Supplied material:
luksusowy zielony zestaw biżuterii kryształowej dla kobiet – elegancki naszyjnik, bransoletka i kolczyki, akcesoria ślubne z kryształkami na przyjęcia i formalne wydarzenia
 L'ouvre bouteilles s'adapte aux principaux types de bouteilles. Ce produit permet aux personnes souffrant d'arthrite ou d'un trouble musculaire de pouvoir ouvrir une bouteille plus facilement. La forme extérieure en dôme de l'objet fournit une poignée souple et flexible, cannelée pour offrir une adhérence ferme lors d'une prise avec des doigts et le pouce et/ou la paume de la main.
---
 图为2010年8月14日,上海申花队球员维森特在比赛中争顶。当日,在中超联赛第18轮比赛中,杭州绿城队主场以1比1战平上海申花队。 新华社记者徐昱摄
--
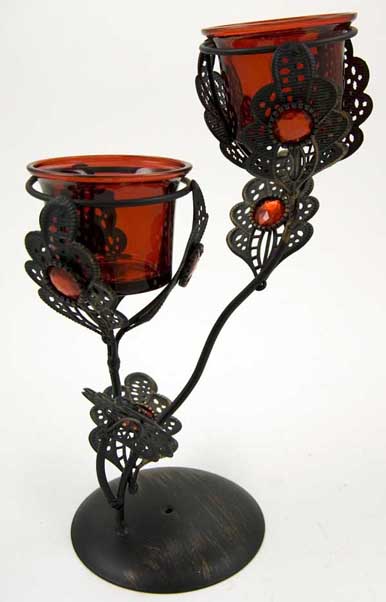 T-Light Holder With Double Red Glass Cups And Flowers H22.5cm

Exercise goal: Give back exactly the lines above starting at the line where "luksusowy zielony zestaw" appears and ending at the line where "L'ouvre bouteilles s'adapte" appears, both included, with no other lines.

Solution for this exercise:
luksusowy zielony zestaw biżuterii kryształowej dla kobiet – elegancki naszyjnik, bransoletka i kolczyki, akcesoria ślubne z kryształkami na przyjęcia i formalne wydarzenia
 L'ouvre bouteilles s'adapte aux principaux types de bouteilles. Ce produit permet aux personnes souffrant d'arthrite ou d'un trouble musculaire de pouvoir ouvrir une bouteille plus facilement. La forme extérieure en dôme de l'objet fournit une poignée souple et flexible, cannelée pour offrir une adhérence ferme lors d'une prise avec des doigts et le pouce et/ou la paume de la main.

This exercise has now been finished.